The Licensing Act 2003 created, as a safeguard to residents and other parties who are subject to noise and other disturbance, the review process. The Live Music Bill preserves this right for residents and businesses in the vicinity of licensed premises and explicitly allows for the exemption to be removed in circumstances where premises operating under the exemption are found to undermine the licensing objective of prevention of public nuisance. The LGA is completely wrong in its briefing about this, as it has been throughout the live music debate. An exemption for small premises, while still safeguarding residents in the vicinity of premises operating under the proposed exemption, is a measured and reasonable solution, which balances the human rights of all parties in so far as the legislative burden is reduced to a more appropriate level for smaller venues without loss of the safeguards introduced by the Licensing Act for residents and businesses in the vicinity.

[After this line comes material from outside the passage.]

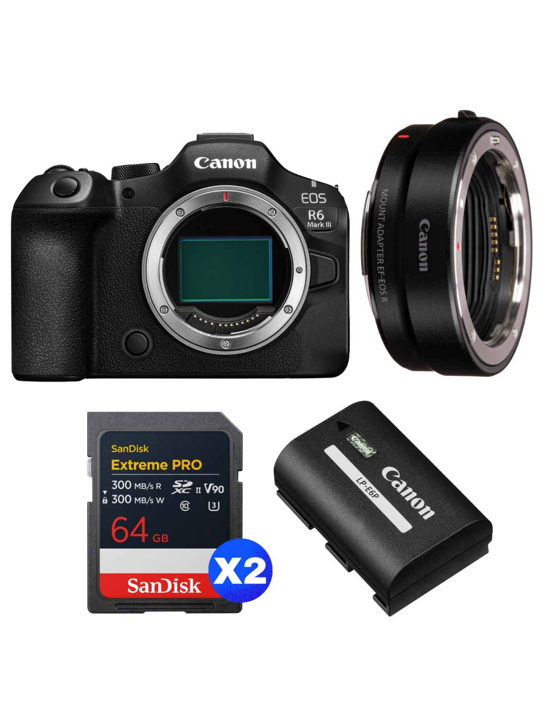 Canon EOS R6 Mark III + Canon EF-EOS R + 2 SanDisk 64GB Extreme PRO UHS-II SDXC + Canon LP-E6P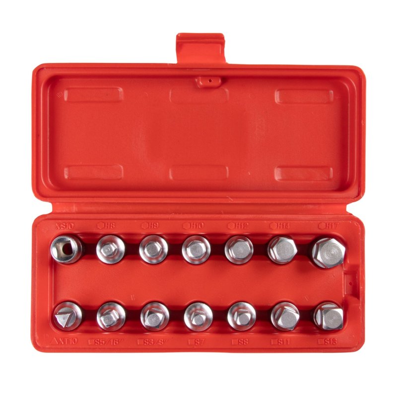 Набор насадок для пробок слива масла, кейс, 14 предметов МАСТАК 103-48014C

The further exemption for unamplified and minimal amplified music involving no more than two performers partially reinstates the legal position prior to the Licensing Act 2003, and would permit a lone pianist or, for example, a singer and guitarist, to perform unamplified music at venues of any size, regardless of whether they possessed a licence or not. This again is a proportionate solution, as it allows, for example, cafes to put on such entertainment without the cost of applying for a full licence.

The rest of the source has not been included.